The Bench Book for New York State Judges Pertaining to the Discovery of Electronically Stored Information is a reference guide prepared for New York judges by the NYS working group on electronic discovery. There's a good chance that a New York judge will review this resource prior to ruling on ESI issues.
In New York, these are some key rules that cover the electronic discovery process:
1. Commercial Division Rule 1 requires that attorneys know about their client's tech systems or bring an expert who is to the preliminary conference.
2. Commercial Division Rule 8(b) directs the parties to meet and confer on ESI issues before the preliminary conference.
3. Commercial Division Rule 11-b addresses privilege logs.
4. Commercial Division Rule 11-c covers discovery from non-parties.
5. CPLR 3120 form of production
6. CPLR 3102 authorize pre-commencement discovery in bringing an action or preserving information.
7. CPLR 3126 concerns sanctions for the spoliation of ESI.
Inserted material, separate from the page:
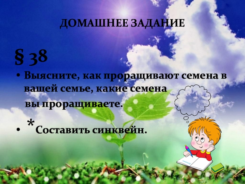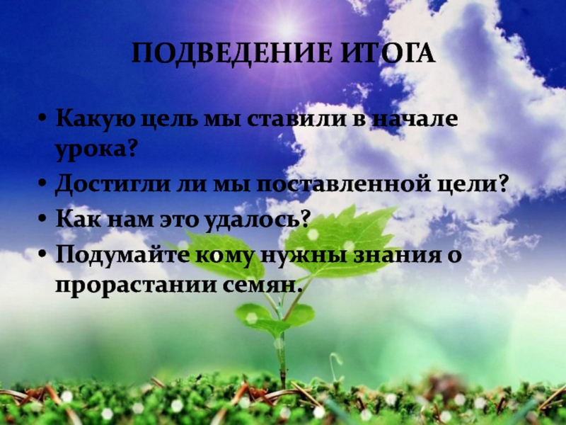 семени. Чем больше веществ, тем быстрее прорастает семя. Для посева необходимо отбирать крупные, здоровые семена.

The Bench Book cites VOOM HD Holdings LLC v EchoStar Satellite LLC, 93 AD3d 33, 41 (1st Dept 2012), with respect to when a litigation hold is necessary, "once a party reasonably anticipates litigation, it must suspend its routine document retention/destruction policy and put in place a litigation hold to ensure the preservation of relevant documents." It notes that CPLR 3102 can be used to preserve ESI of a party or non-party. It also cites VOOM with respect to self-collection of ESI, "where a party is a large company, it is insufficient, in implementing such a litigation hold, to vest total discretion in the employee to search and select what the employee deems relevant without the guidance and supervision of counsel."
The Bench Book notes that in issuing a preservation order the court should not only consider ESI types, production formats, and the cost of discovery, but also the extent to which preservation will 'interfere with the ordinary course of the responding party's business operations.'
The Bench Book cites U.S. Bank N.A. v GreenPoint Mtge. Funding, Inc., 94 AD3d 58, 62 (1st Dept 2012), as the controlling authority for the position that it's the responding party that bears the cost for searching for, retrieving, and producing ESI. It notes that the courts have discretion under CPLR 3103 and 3104 to allocate the costs of production and lists the 8 factor cost shifting test of Rowe v. William Morris, and 7 factor cost shifting test of Zubulake v. UBS Warburg .
Rule 11-b's preference for the categorical logging of privileged documents, as opposed to document-by-document logging is emphasized. The court states that the in camera review of disputed privileged documents can be submitted to a referee under CPLR 3104. It approves the use of clawback and quick peek agreements.
Under CPLR 3126, if a party refuses a court order to disclose ESI the following sanctions may be ordered:
1. issues to which the information pertains are resolved in favor of the party getting the order for the ESI.
2. a preclusion of evidence order.
3. striking out parts of pleadings or issuing a default judgment.
The Bench Book notes that spoliation sanctions aren't limited to instances in which the offending party takes willful action, but may include circumstances where it was merely negligent.
The section on social media notes that courts prohibit fishing expeditions into accounts on sites like Facebook and Twitter and requests for data require a 'factual predicate'. Courts are not bound by the privacy settings of a user of such social media sites.
An appendix to the Bench Book provides summaries of key rulings in New York State on ESI issues.